С тех пор я помню эти минуты: это была моя первая попытка пробудить кого-то из мертвых.
Дед сказал мне однажды: человек пишет, потому что смертен. Сейчас, перед мертвым лицом мужчины в белом пиджаке стюарда, это звучало совершенной бессмыслицей. Километры дедовых надписей на камне ничуть не помогали ему в это мгновение. И все мои собственные одинокие и унылые буквы не помогали ни капли.
Можно обрести бессмертие только одним-единственным способом: не умирать вовсе.
Как избежать смерти?
Уход дедушки был весомой причиной, по которой я начала сомневаться. В письме, в знаках, во всем. И как будто этого было недостаточно, меня предала и Элен. Посредством письма.
* * *
Женщина с шальными глазами сидела в больнице, не произнося ни слова. Все понимали, что она, должно быть, пережила потрясение, что-то, для чего не находится слов. Психиатр осторожно попытался ее разговорить. «Вы хотите мне что-нибудь рассказать?» – мягко спрашивал он несколько раз. Она хранила молчание. Он протянул ей лист бумаги и ручку. «Попробуйте записать, так Вам будет проще», – сказал он. Оставшись одна, она достала спрятанный в рукаве скальпель и написала им простейшую из всех букв, I, вдоль каждого запястья.
Ближе к окончанию средней школы я набралась храбрости и пригласила Хенрика на вечеринку в одну из роскошных вилл недалеко от церкви. Напряжение между нами только возросло за последние месяцы, чему немало способствовало катание по Palatino восьмого кегля.

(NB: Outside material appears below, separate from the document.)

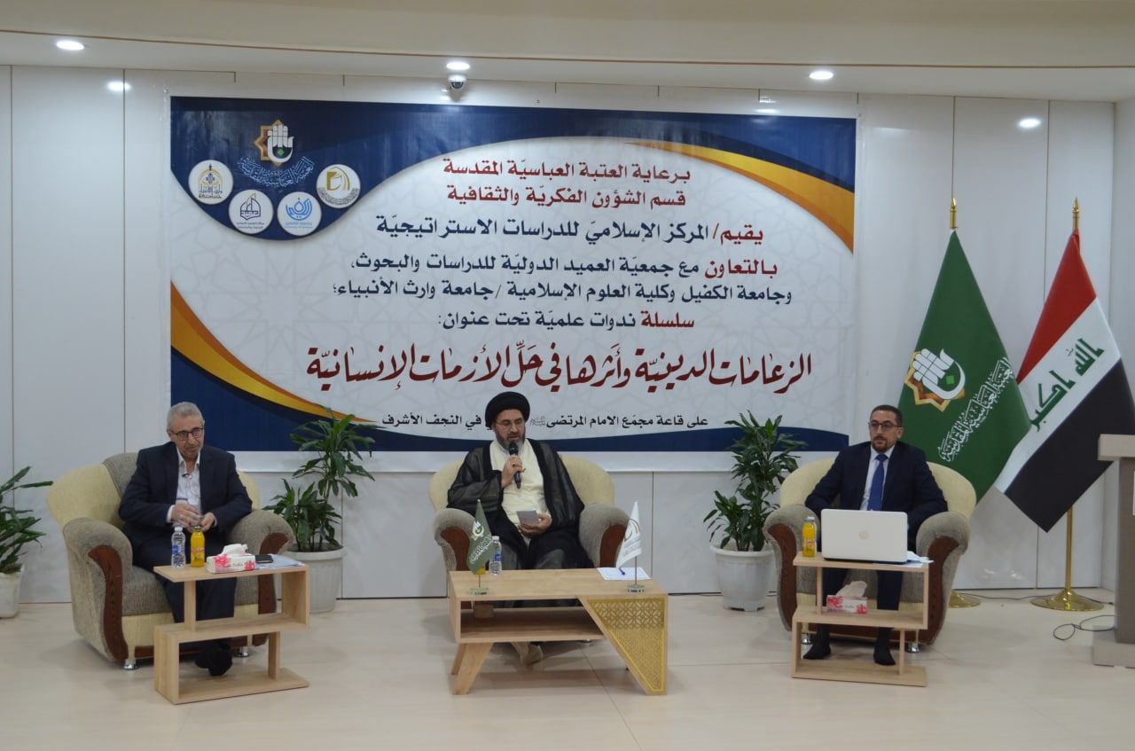 شارك السيد عميد كلية العلوم الاسلامية في جامعة وارث الانبياء والوفد المرافق له في سلسلة الندوات العلمية التي أقيمت بالتعاون بين كليتنا والمركز الإسلامي للدراسات الاستراتيجية التابع للعتبة العباسية وقدم السيد عميد الكلية الدكتور طلال الكمالي ملخصا لبحثه الموسوم (أثر استشراف المسقبل في تعزيز الخطاب الديني مع الآخر دراسة في القرآن الكريم ) بعد كلمة سماحة السيد رشيد الحسيني دامت توفيقاته

Пару-тройку раз я бывала у него дома. Мы сидели на диване у него в комнате, слушали пластинки и ощущали в воздухе электричество. Хенрик и сам играл в группе. В углу стоял черный гитарный кофр, изукрашенный нечитаемыми знаками: он уверял меня, что они вдохновлены работами художников граффити, которые расписывают поезда нью-йоркской подземки. Хенрик был страстным поклонником Дэвида Боуи. Я ценила его вкус. Мне до чертиков наскучили мальчики, которые свистели мне вслед и пели Саймона и Гарфанкела, когда я проходила мимо: «Cecilia, you're breaking my heart»[52]. У Хенрика были все пластинки Боуи, и он ставил их снова и снова. Мне тоже начал нравиться этот певец. Казалось, будто он тоже с другой планеты – как мы, если верить теории Элен, – подозрение, которое значительно укрепилось, стоило только изучить обложки его пластинок. И тем не менее: важнее всего были не замысловатые тексты, но музыка, гитарные риффы, атмосфера. Звук из динамиков был коммуникацией сродни сигнальным барабанам: этакое примитивное послание, которое мы ощущали телом. Но зачастую я понимала, что Хенрик пытается сказать мне что-то конкретное. Он мог переставить иглу на определенную дорожку и, пока звучала строчка – скажем, «Oh, my love, Janine, I'm helpless for your smile»[53], – посмотреть на меня так, как будто сам говорил это. В остальном притяжение между нами было бессловесным. Я ощутила его еще за несколько лет до этого, за игрой в прятки в темноте подвала его дома. Я чувствовала его запах и, даже не видя его, знала, где он прячется. Мы были как насекомые, как ночные мотыльки; мы могли передавать любовные сигналы на длинные расстояния при помощи запаха.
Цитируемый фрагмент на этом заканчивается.